When at last the correspondents coaxed skeptical Chinese to take them to the front in a quiet sector, “we found ourselves discussing the poetry of Robert Bridges. The Testament of Beauty can seldom have been quoted in less appropriate surroundings.” In China’s wildwest Sian, they met a Swiss doctor who had attended D. H. Lawrence. Back in Hankow, a Chinese lady gave them a lacquer box containing an ivory skull for Virginia Woolf.

Down they drifted leisurely toward the southern front, ran into a Japanese advance, but were helped away just in time by efficient Rightist Newshawk Peter Fleming (News From Tartary). Despite twinges of conscience, they let themselves be carried over the mountains by coolies, wound up in the Shanghai International Settlement as guests of British Ambassador Kerr at Number One House.

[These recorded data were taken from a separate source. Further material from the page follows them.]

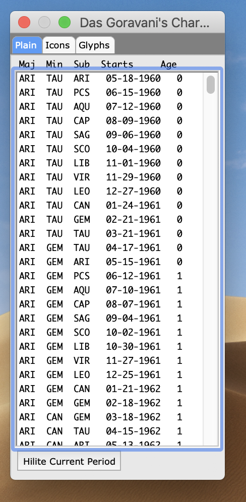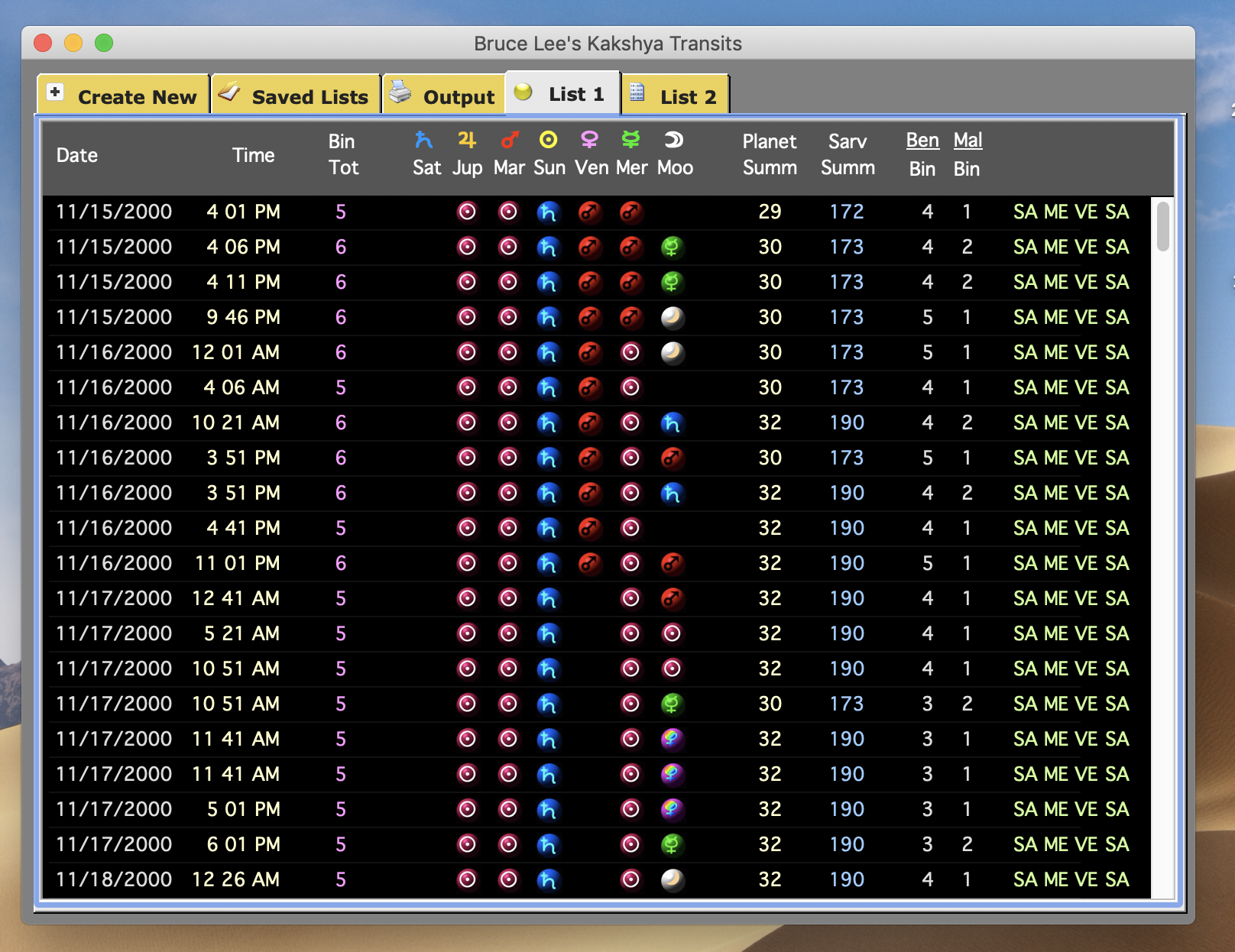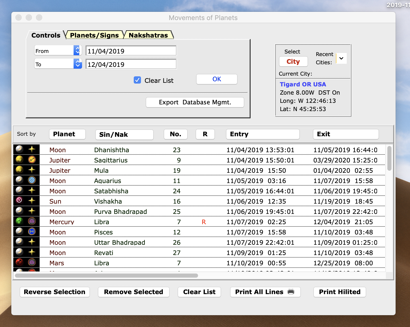 This is the Entries Exits feature… it tells you when the planets enter and exit the signs and nakshatras for any date range you specify, you can also specify which signs and nakshatras you are interested in, so you could put your moon Nakshatra for example and know when your Sada Sati's occur that way..
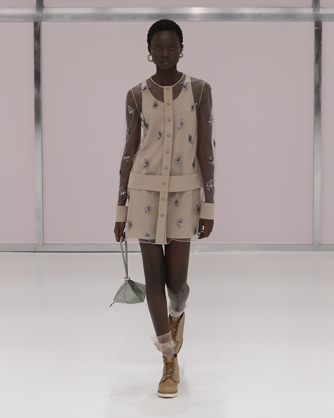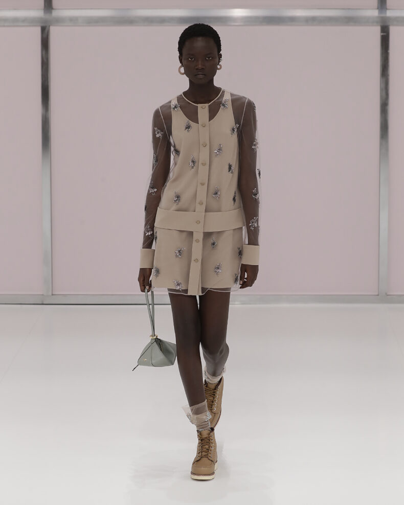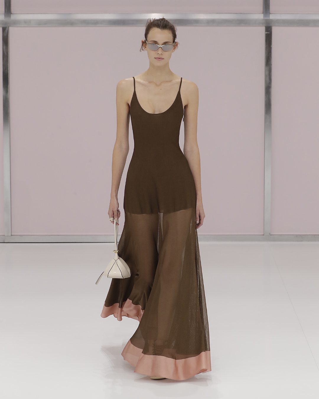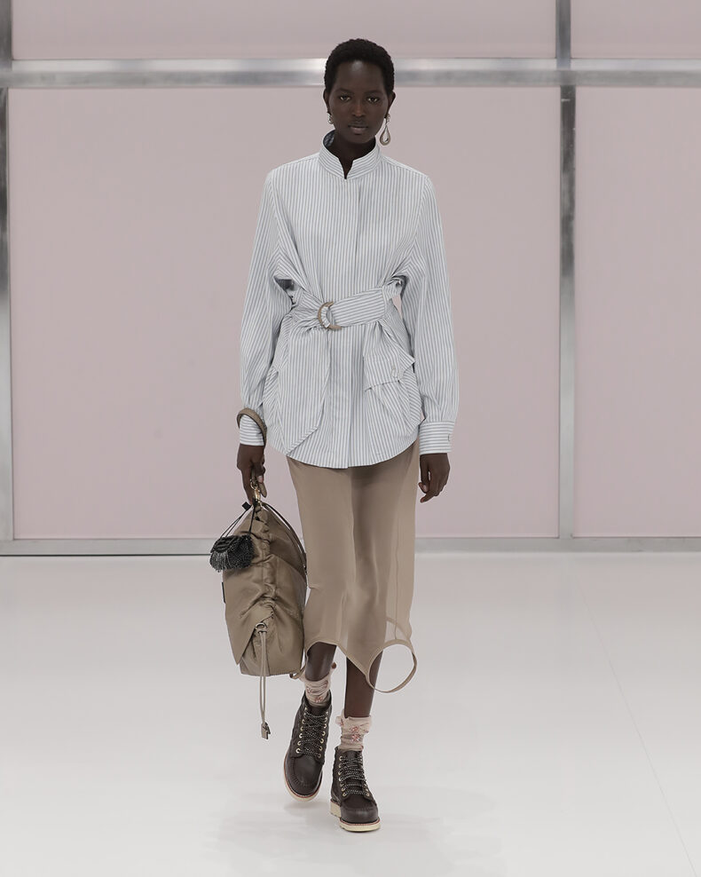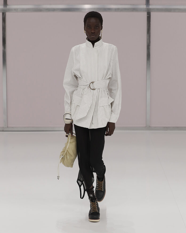 La sfilata ha visto abiti a vita bassa in chiffon, impreziositi da motivi Art Déco, con silhouette che richiamavano sia gli Anni ’20 che gli abiti sottoveste degli Anni ’90. Jones ha saputo mescolare elementi tradizionali con tocchi contemporanei, come accappatoi in shearling beige, T-shirt e gonne in coccodrillo bianco, e un gilet in rete rifinito con il caratteristico Cuoio Romano di Fendi.
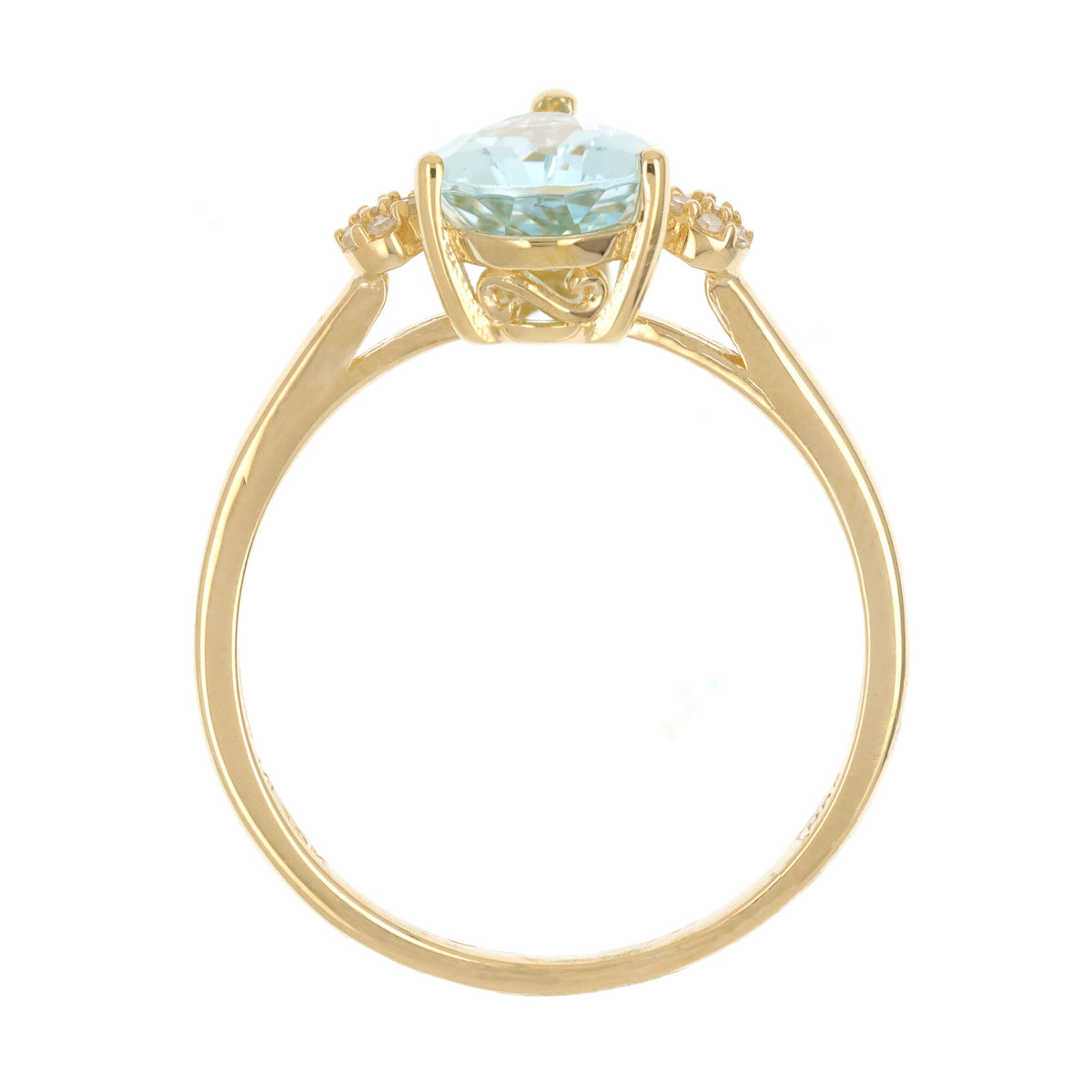 This Lab-Created Aquamarine and Diamond Accent Ring by Helzberg mesmerizes with serene color. A pear-shaped aquamarine center stone is surrounded by fourteen round single cut diamond accents, set in 10K yellow gold. This refined piece honors March’s birthstone with luminous elegance and expert craftsmanship.
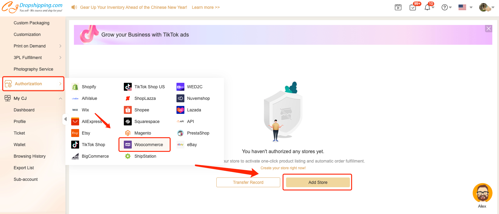 Go to Authorization > WooCommerce, and then, click Add Store.
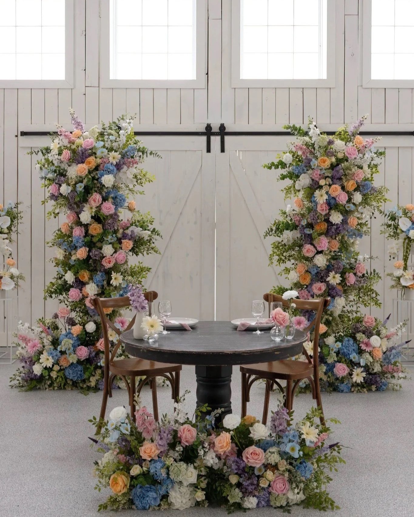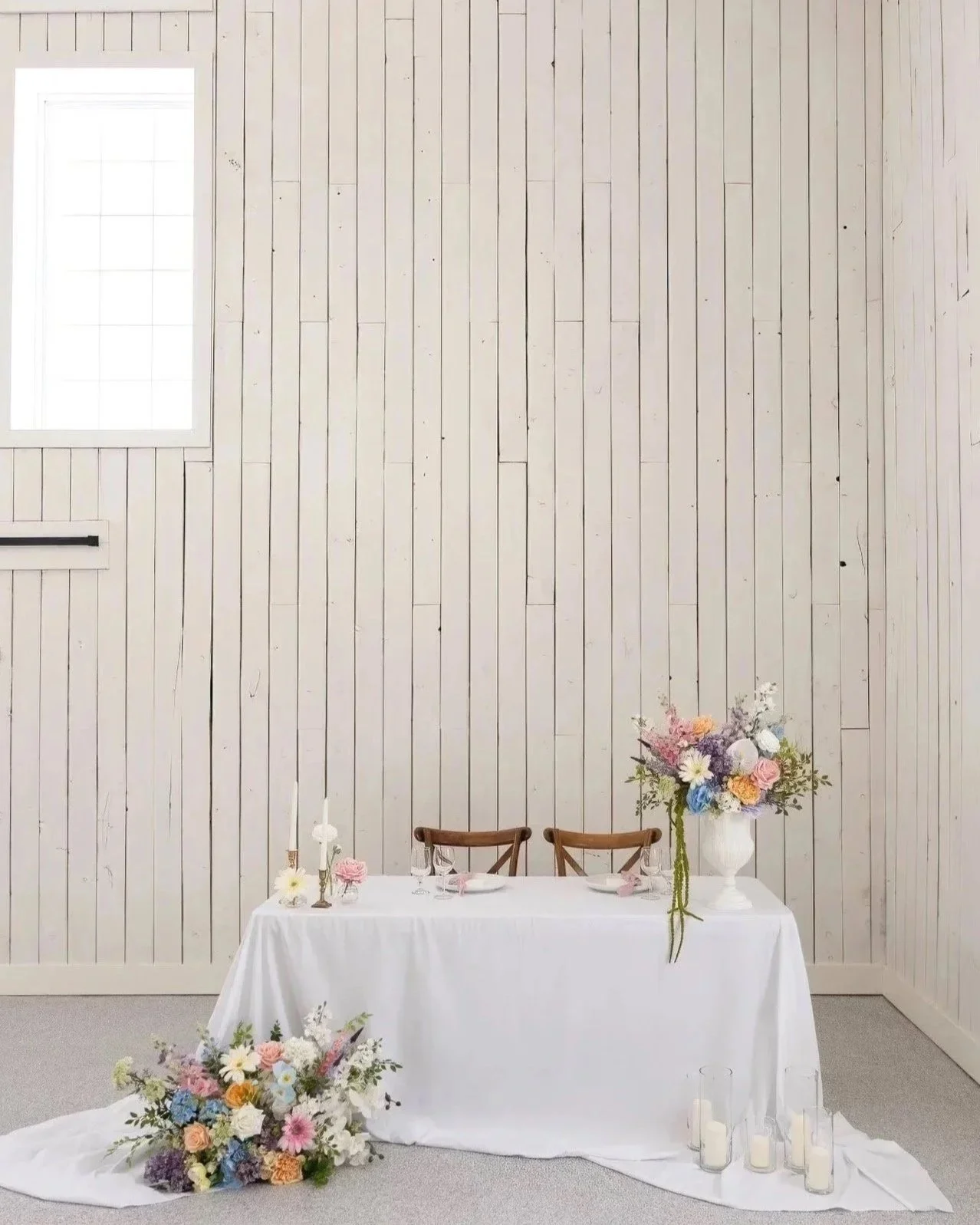 A large statement piece when you walk in the room, with two tables doubled up the thickness allows for all the decor to make it really WOW your guests and amp up your floor plan.
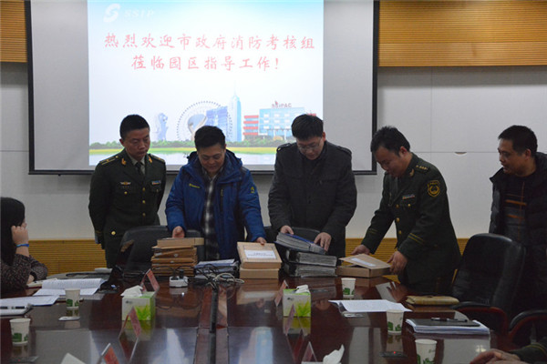 1月29日,市消防支隊副支隊長邱增照帶領(lǐng)市政府消防工作考核組考核園區(qū)消防工作,園區(qū)黨工委委員、管委會副主任戈亮接待了考核組一行。
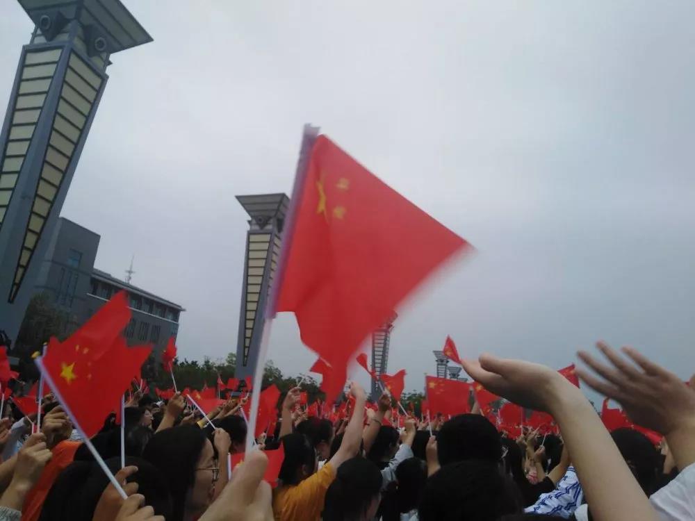 伴随着越来越多的同学加入快闪,一张张洋溢的笑脸,在舞动的国旗下分外灿烂!
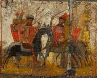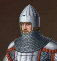 >>768041 Знатный тяжеловооруженный всадник 14 века носил шлем с личиной или полумаской и бармицей, кольчугу, поверх неё ламелляр или чешую, усиленные зерцалом, наплечники, наручи, рукавицы, на ногах - кольчужные чулки либо поножи. Сверху обязательно красный плащ. Вооружался копьем, мечом или саблей, кинжалом, чеканом, кистенем/булавой/шестопером, иногда еще и сложносоставным луком. Щит у него был каплевидный, червленый, с православным крестом. Ездил на боевом коне (обязательно защищенным кольчужной попоной или кояром и наголовьем), управляя им шпорами.
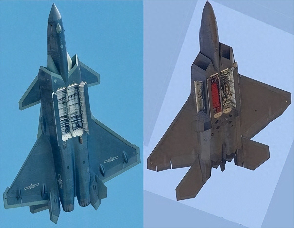 歼-20 的内部兵器舱则被认为设计得较大,能装载更远程导弹(如中国的 PL-15 类型)等武器,这使得它更适合执行远程压制、反隐身与区域防空的任务。
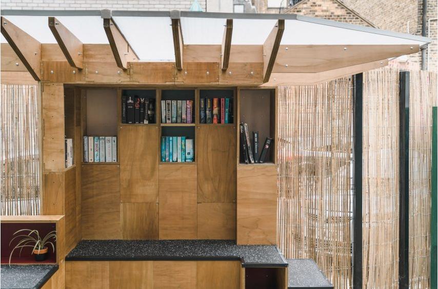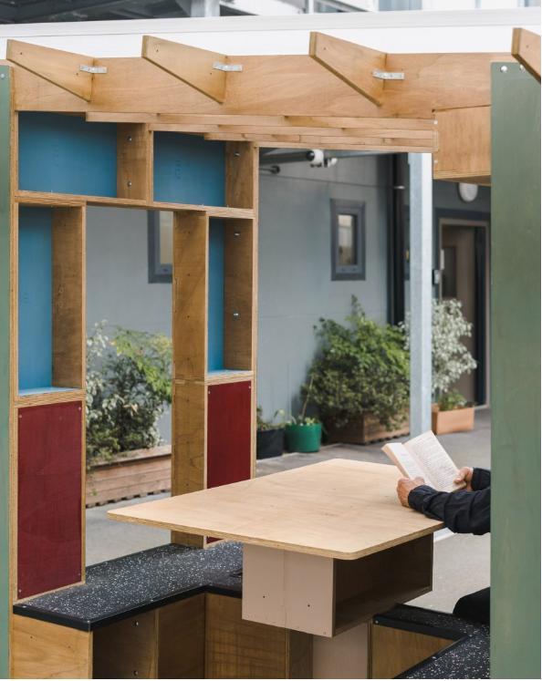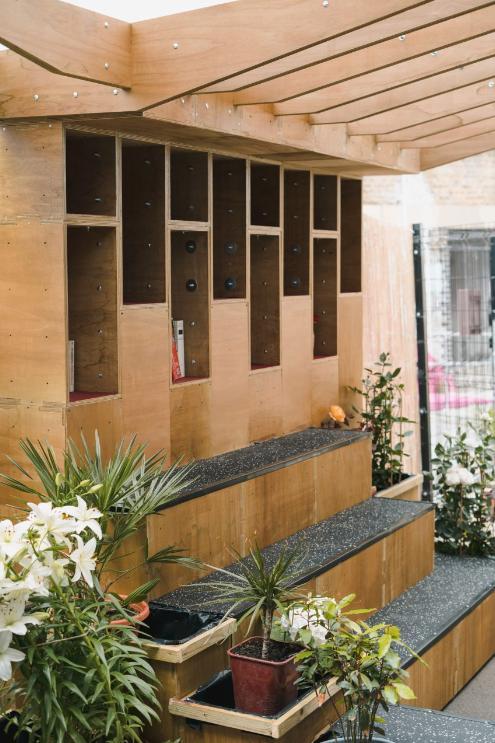 Окончательный проект включает в себя стол, за которым жители могут сидеть, а также красочные ниши, где жильцы могут хранить книги для общего пользования. Полупрозрачные пластиковые крыши защищают жильцов от дождя.
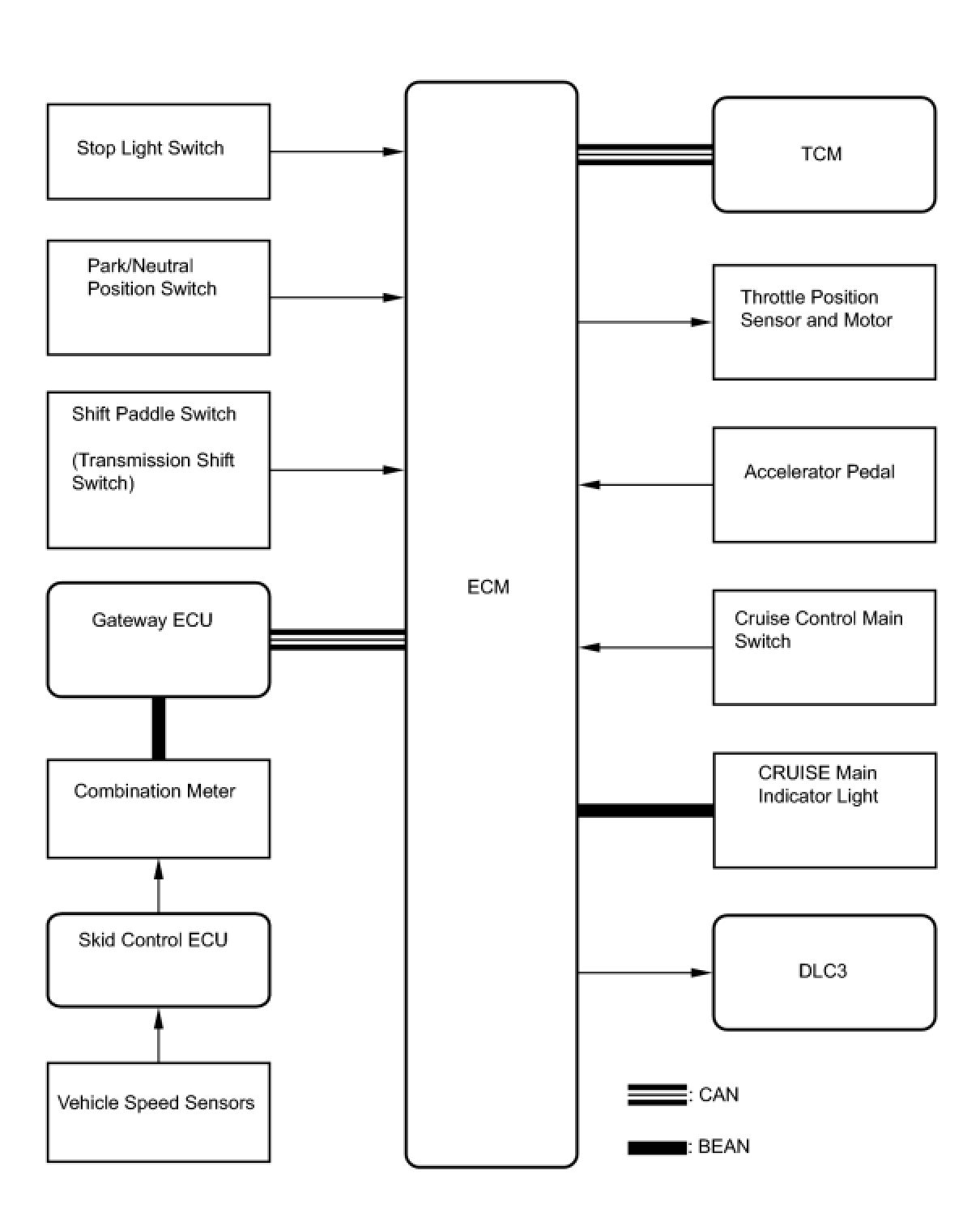- The ECM receives signals such as ON-OFF, - (COAST)/SET, + (ACCEL)/RES (RESUME), and CANCEL from the cruise control main switch and executes the command.
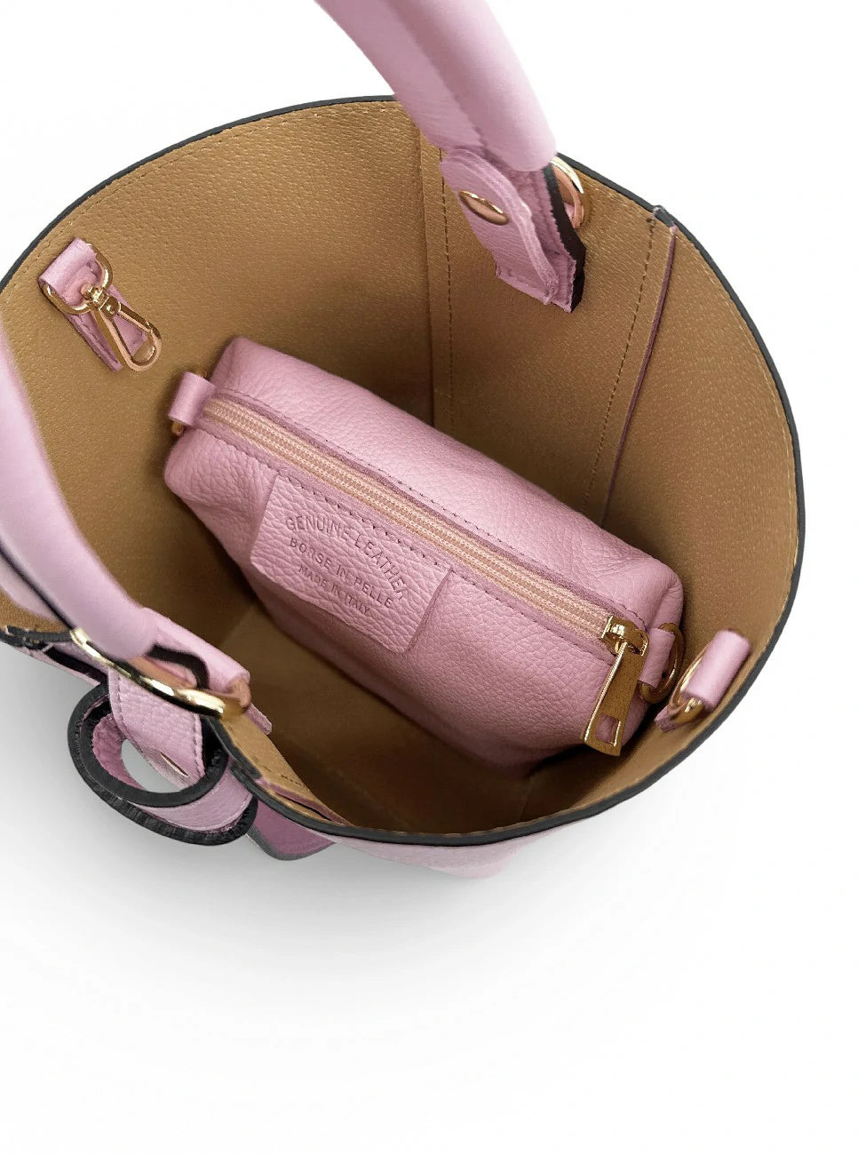 Bolso y bolsillo de cuero grano BIRDIE Púrpura

In high holiday humor, this bright, fast, pert reporting rollicks along almost as if there were no war in China. Messrs. Auden & Isherwood are right in their element describing such Alice in Wonderland scenes from topsy-turvy Chinese life as two old men gravely trying to put a rat in a bottle, a woman tirelessly pouring water through a sieve. More startling than anything they report about the East is what they report, often unconsciously, about themselves. Their own honest verdict on Au Dung and Y Hsiao Wu: “. . . though we wear out our shoes walking the slums, though we take notes, though we are genuinely shocked and indignant, [we] belong, unescapably, to the other world. We return, always, to Number One House for lunch.”

Author Isherwood wrote most of the book: Auden’s contribution is a sequence of 27 sonnets and a commentary in which left politics and a sense of personal disorder mingle in some coolly fluent, somewhat vague verses about war in China, sometimes rhymed.